Faster sum loop when looping through vector multiple times than once

Jad_Zeitouni · September 29, 2023, 11:40am

I was benchmarking different ways of summing a matrix by its second dimension and I got some surprising results (for me) when doing it through a for loop.

I had thought that in general the loop would be faster if the inner loop was going through the rows, so it loads the matrix one column at a time in memory. But given the example below, function f, which loops through columns first, is faster than its counterpart g.

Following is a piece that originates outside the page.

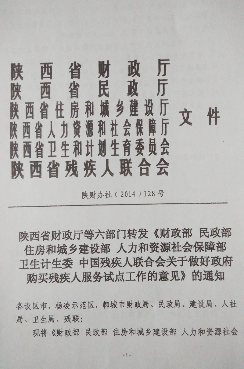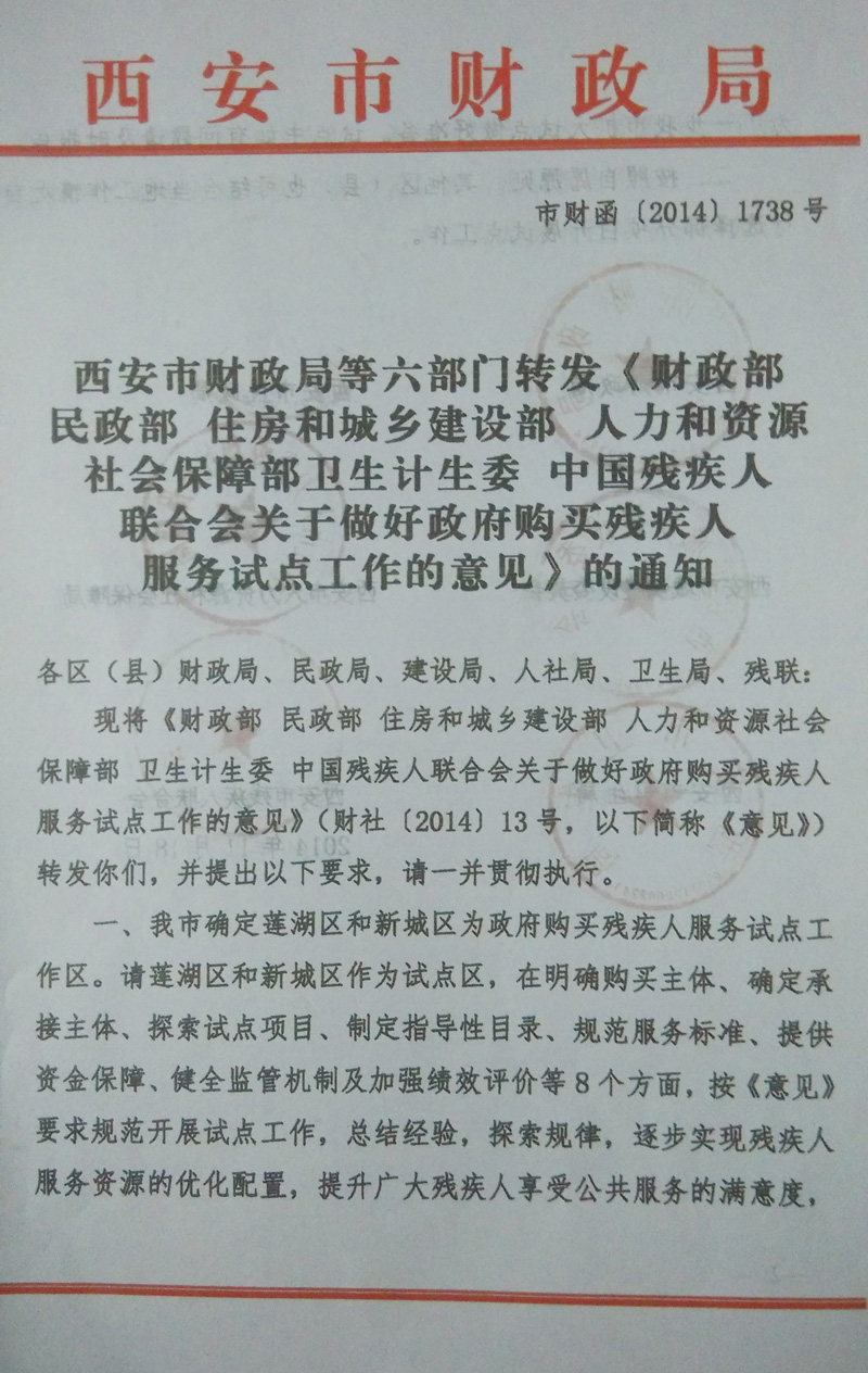 为深入贯彻党的十八大和十八届三中全会精神,有效落实《国务院办公厅关于政府向社会力量购买服务的指导意见》(国办发〔2013〕96号),积极推动政府购买残疾人服务工作的有序发展,现就做好政府购买残疾人服务试点工作通知如下:

I’m guessing this is because it’s faster to iterate through the vector res over and over again, than calculating the sum for each entry one at a time. Any intuition on why this is the case? Does the CPU guess to keep res in cache if you’re looping through it repeatedly?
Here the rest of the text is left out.